(Aim of the task):
Repeat the data that follows exactly, starting at the line with "Бутылка 700 мл В-28 ДОМАШНЯЯ 1/12" and ending at the line with "と、言ってはみたものの、練乳のように、全イチゴにかける勇気はなく。", and leave out every picture.

(Material for the task):
-- Opening Marker --
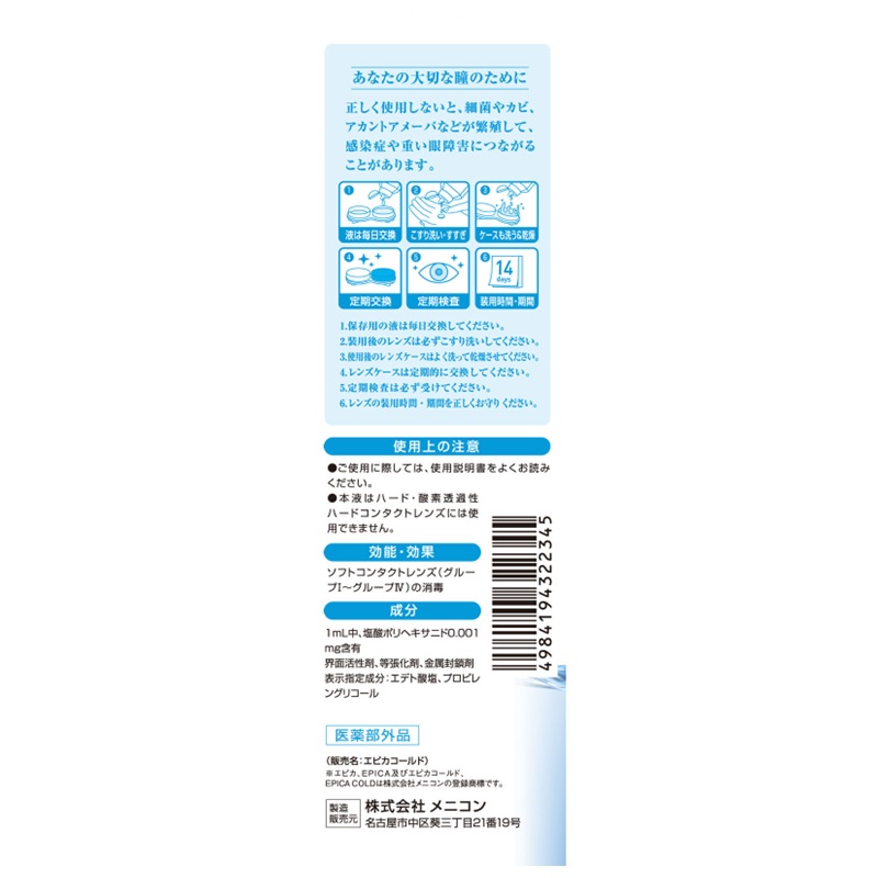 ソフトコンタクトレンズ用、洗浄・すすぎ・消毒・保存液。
-- Closing Marker --
-- Opening Marker --
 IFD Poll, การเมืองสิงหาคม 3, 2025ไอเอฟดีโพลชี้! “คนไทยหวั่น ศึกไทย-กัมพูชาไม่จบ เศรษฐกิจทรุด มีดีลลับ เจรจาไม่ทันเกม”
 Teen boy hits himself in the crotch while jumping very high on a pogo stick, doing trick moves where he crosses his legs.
-- Closing Marker --
-- Opening Marker --
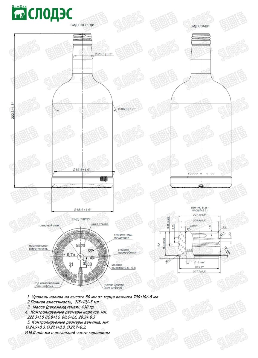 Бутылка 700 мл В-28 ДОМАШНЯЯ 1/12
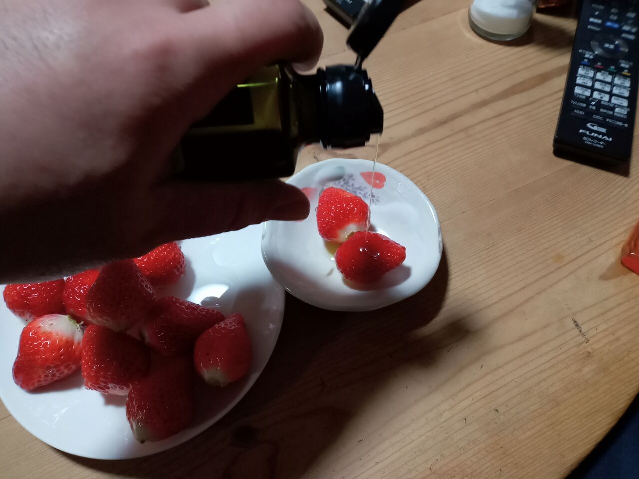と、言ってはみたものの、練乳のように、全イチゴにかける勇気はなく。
-- Closing Marker --
(Response to this task):
 Бутылка 700 мл В-28 ДОМАШНЯЯ 1/12
と、言ってはみたものの、練乳のように、全イチゴにかける勇気はなく。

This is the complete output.